In France, Holland made Olivier, Olivier and she also made her début on the great American market by filming the Secret Garden for Warner Bros. The film made 32 million dollars in America and Hollywood welcomed the Polish film director with arms wide open. She could have made more blockbusters and acclimatise there. Yet instead of making another hit with a grand American star, she decided to focus on a difficult picture about Rimbaud entitled Total Eclipse. Later she made Washington Square based on Henry James’ novel and subsequently the Third Miracle where she spoke about the urge for faith in the times of rationality. In a smart way, without offering ready-made solutions, but only asking questions. Holland decided to make films for the wide audience: accessible, yet intellectually challenging. This was also the case with Copying Beethoven ˗ the story of the old Beethoven, who was losing his hearing, and his young pupil. An insightful film about a man with a great talent, about the torment and euphoria of creation, about the taste of success and failure, about being ahead of one’s time and also about the price that other people pay for consorting with a genius.

Holland keeps returning to America. She directs episodes of series, often the outstanding ones, like The Wire, Treme, The Killing or The House of Cards. She also directed series in Europe, including the important ones: in the Czech Republic the Burning Bush about the self-incineration of Jan Palach and in Poland the political Ekipa where she laid bare the mechanisms of politics so that her story became almost prophetic. The artist divides her time between Brittany, Paris and Warsaw. She is the citizen of the world. Every one of her films becomes important.

In the Oscar-nominated In Darkness Holland reached for the authentic story of Leopold Socha, who during WWII was hiding a large group of Jews in Lviv, risking his own life. In the Spoor made on the basis of a novel written by the Polish Nobel prize laureate, Olga Tokarczuk, in the form of a stylised, ecological thriller, she examined the painful and the controversial issues of modernity: she showed the divided society, lacking tolerance and governed by the law of the stronger, with no place for the weak ones. Three years later, in Mr. Jones Holland reminds us about journalist Garreth Jones who described the Famine in Ukraine in the 1930s. She recounts the lies of the propaganda, the courage of the one man who wanted to tell the truth and the value of true journalism.

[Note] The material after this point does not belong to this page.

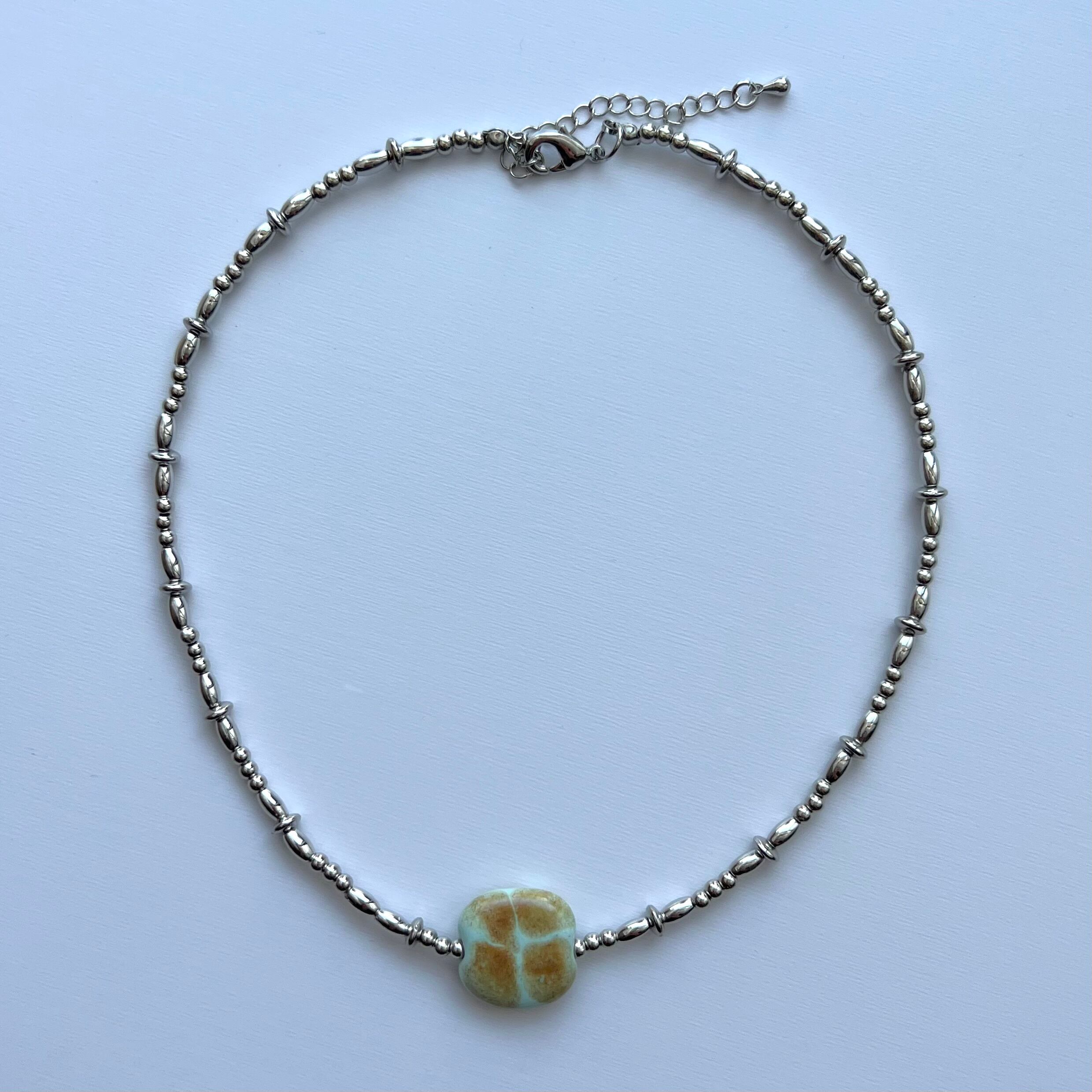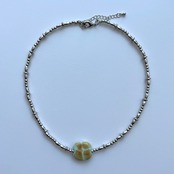 特殊な模様のガラスビーズとシルバービーズを組み合わせたネックレスとなっております。

During the festival in Berlin, Holland is going to show her newest film, Charlatan. This is an authentic story of a Czech healer: a panorama of the 20th century starting from WWI until the communist times, a diagnosis of diseases suffered by Europe: regimes and nationalist movements that are born in it.

These themes are close to Holland’s heart. She is defending the unsteady democracy in Europe, in America and especially in Poland and does not shy from strong and wise political appearances. She has also been talking about the necessity of taking an honest look at oneself for a long time. “You cannot build anything on hate,” she repeats. “I do not know what amount of sand would be necessary to fill the ditches that are dividing people today. But you have to try.” She believes that this is one of the tasks of art.